UNITED STATES

SECURITIES AND EXCHANGE COMMISSION

Washington, D.C. 20549

 

 

FORM 8-K

 

 

CURRENT REPORT

Pursuant to Section 13 or 15(d)

of The Securities Exchange Act of 1934

Date of Report (Date of earliest event reported): November 26, 2014

 

 

Industrial Property Trust Inc.

(Exact name of registrant as specified in its charter)

 

 

 

Maryland   333-184126   61-1577639

(State or other jurisdiction

of incorporation)

 

(Commission

File Number)

 

(IRS Employer

Identification No.)

518 Seventeenth Street, 17th Floor

Denver, CO 80202

(Address of principal executive offices)

(303) 228-2200

(Registrant’s telephone number, including area code)

 

 

Check the appropriate box below if the Form 8-K filing is intended to simultaneously satisfy the filing obligation of the registrant under any of the following provisions:

 

¨ Written communications pursuant to Rule 425 under the Securities Act (17 CFR 230.425)

 

¨ Soliciting material pursuant to Rule 14a-12 under the Exchange Act (17 CFR 240.14a-12)

 

¨ Pre-commencement communications pursuant to Rule 14d-2(b) under the Exchange Act (17 CFR 240.14d-2(b))

 

¨ Pre-commencement communications pursuant to Rule 13e-4(c) under the Exchange Act (17 CFR 240.13e-4(c))

 

 

 


Item 2.01. Completion of Acquisition or Disposition of Assets.

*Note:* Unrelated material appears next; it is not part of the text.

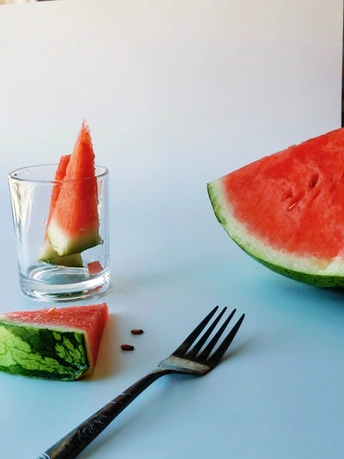 这张照片在色彩和光影处理上表现出色。西瓜的红色与背景的浅色形成强烈的对比,使主体更加突出。透过玻璃的水滴和反光增添了画面的质感,增强了视觉冲击力。构图方面,玻璃杯中的西瓜和叉子的摆放位置巧妙,形成了一条引导视线的线条,引导观者的目光到主要的西瓜块上。背景简洁干净,避免了不必要的干扰,让主体更加突出。 照片的主体清晰,主题明确,成功展示了清凉的夏日氛围,能够迅速引起观者的情感共鸣,唤起夏日饮食的美好回忆。它通过简单而有效的元素传递出一种清新自然的感觉,令人感到愉悦和舒适。 然而,照片可以进一步提升的地方有:首先,可以尝试在背景中加入一些有趣的元素,比如一些模糊的绿色植物或蓝天,可以增加图片的层次感和丰富性。其次,光影的运用上可以更大胆一些,增加一些阴影对比,使得画面更加立体。最后,后期处理上可以稍微增强一些颜色的饱和度,使得水果看起来更为诱人。 总的来说,这张照片具备较高的专业水平,通过简练的构图和强烈的色彩对比,成功地传达了主题,但在背景和光影的处理上还有进一步提升的空间。

Dallas Distribution Portfolio

On November 26, 2014, Industrial Property Trust Inc. (the “Company”), through its wholly-owned subsidiaries, acquired a 100% fee interest in three industrial buildings located in the Dallas market totaling approximately 1.3 million square feet on 72.7 acres (collectively referred to as the “Dallas Distribution Portfolio”). The sellers, CRP Oakmont Flower Mound, L.L.C. and CRP Oakmont Grand Prairie, L.L.C., are not affiliated with the Company or its affiliates. The Dallas Distribution Portfolio is a recently completed development opportunity in a targeted top-tier industrial market, and is 17% leased to two customers with a weighted-average remaining lease term (based on square feet) of 4.8 years. One customer in the Dallas Distribution Portfolio individually leases more than 10% of the rentable area of the Dallas Distribution Portfolio, as described below:

 

    Universal Display & Fixtures Company, a custom designer and manufacturer of merchandising displays and retail environment solutions, leases approximately 148,000 square feet, or approximately 12% of the portfolio’s rentable area, under a lease that expires in May 2019 with one option to extend the lease for a period of five years. The annual base rent under the lease is currently approximately $0.5 million and is subject to annual rent escalations of approximately 3% beginning in April 2015.

The total purchase price was approximately $74.6 million, exclusive of transfer taxes, due diligence expenses, and other closing costs. Pursuant to the terms of the Amended and Restated Advisory Agreement, dated as of July 16, 2014, by and among the Company, Industrial Property Operating Partnership LP, and Industrial Property Advisors LLC (the “Advisor”), the Company paid an acquisition fee to the Advisor of approximately $1.5 million, equal to 2.0% of the purchase price of this transaction. The Company funded this acquisition using proceeds from its public offering and borrowings under its corporate line of credit.

The Dallas Distribution Portfolio will be managed by Stream Realty Partners, L.P.

 

Item 9.01. Financial Statements and Exhibits.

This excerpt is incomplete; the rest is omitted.